Bearbeiten: Der Grund, warum dies in Betracht gezogen wird, ist, dass die Operationen nicht idempotent sind und andere Nebenwirkungen als das Abrufen haben. Siehe die HTTP-Spezifikation :

Insbesondere wurde die Konvention festgelegt, dass die Methoden GET und HEAD NICHT die Bedeutung haben sollten, eine andere Aktion als das Abrufen durchzuführen. Diese Methoden sollten als "sicher" angesehen werden. Auf diese Weise können Benutzeragenten andere Methoden wie POST, PUT und DELETE auf besondere Weise darstellen, sodass der Benutzer darauf aufmerksam gemacht wird, dass eine möglicherweise unsichere Aktion angefordert wird.

...

Methoden können auch die Eigenschaft "Idempotenz" haben, da (abgesehen von Fehler- oder Ablaufproblemen) die Nebenwirkungen von N> 0 identischen Anforderungen dieselben sind wie für eine einzelne Anforderung. Die Methoden GET, HEAD, PUT und DELETE teilen diese Eigenschaft. Außerdem sollten die Methoden OPTIONS und TRACE KEINE Nebenwirkungen haben und sind daher von Natur aus idempotent.

Wenn die Aktion nicht idempotent, dann Sie muss verwenden POST. Wenn Sie dies nicht tun, bitten Sie nur um Ärger auf der ganzen Linie. GET, PUTUnd DELETEsind Verfahren erforderlich sein idempotent. Stellen Sie sich vor, was in Ihrer Anwendung passieren würde, wenn der Client jede mögliche GETAnforderung für Ihren Service vorab abrufen würde. Wenn dies für den Client sichtbare Nebenwirkungen verursachen würde, stimmt etwas nicht.

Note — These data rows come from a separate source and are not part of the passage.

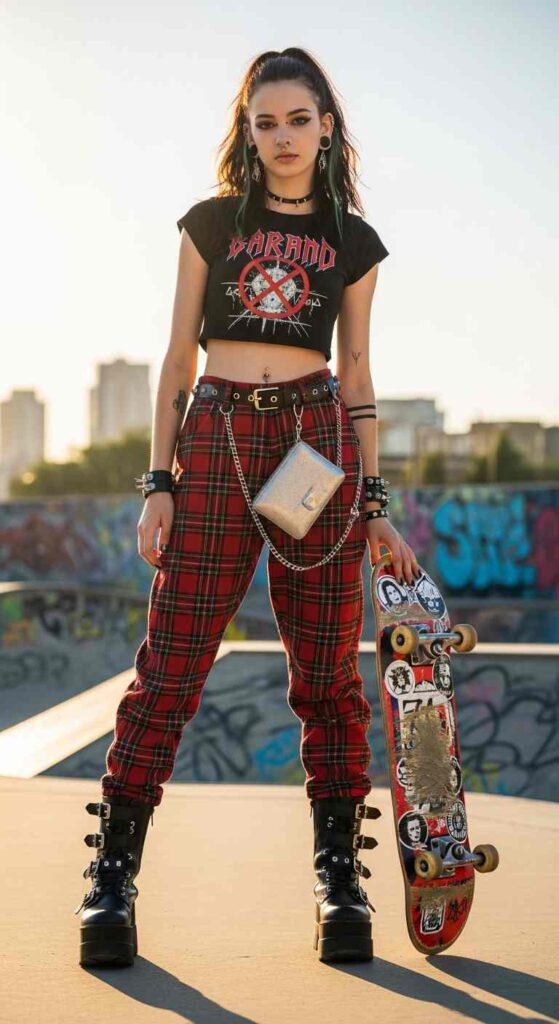 Plaid or checkered pants with crop top creates alternative teen edge.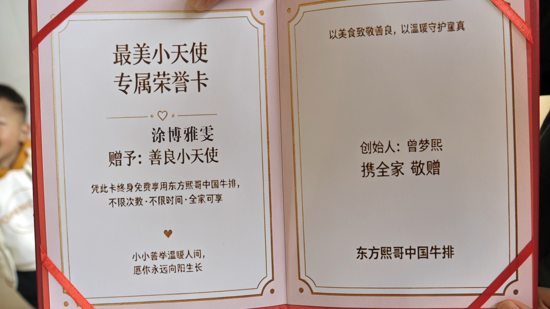 在学校的表彰现场,曾孟熙激动地将一张特殊的“VIP卡”递到涂博雅雯手中。他承诺,这是一张终身免费的牛排卡,只要自家店铺还在营业,涂博雅雯和她的家人随时可以来免费享用牛排。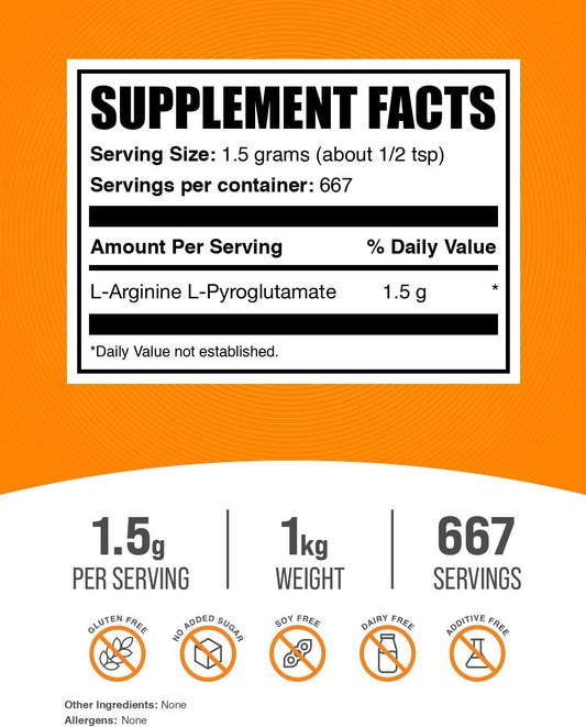 BulkSupplements.com L-Arginine L-Pyroglutamate Powder - Nitric Oxide Booster - Gluten Free, 1500mg per Serving, 1kg (2.2 lbs)
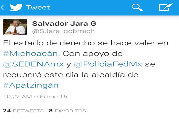 NOTICIAS 06/01/2015El estado de derecho se hace valer en Michoacán: Jara "El estado de derecho se hace valer en #Michoacán. Con apoyo de @SEDENAmx y @PoliciaFedMx se recuperó este día la alcaldía de #Apatzingán", escribió el gobernador Salvador Jara Guerrero en su cuenta de twitter tras el enfrentamiento suscitado esta madrugada en la Alcaldía de Apatzingán.

Ich bin damit einverstanden, dass das Senden eines POSTmit einer Abfragezeichenfolge, jedoch ohne Text, seltsam erscheint, aber ich denke, dass dies in einigen Situationen angemessen sein kann.

Stellen Sie sich den Abfrageteil einer URL als Befehl an die Ressource vor, um den Umfang der aktuellen Anforderung einzuschränken. Normalerweise werden Abfragezeichenfolgen verwendet, um eine GETAnfrage zu sortieren oder zu filtern (wie ?page=1&sort=title), aber ich nehme an, dass es sinnvoll ist POST, auch den Umfang zu begrenzen (vielleicht wie ?action=delete&id=5).

Jeder hat Recht: Bleiben Sie bei POST für nicht idempotente Anfragen.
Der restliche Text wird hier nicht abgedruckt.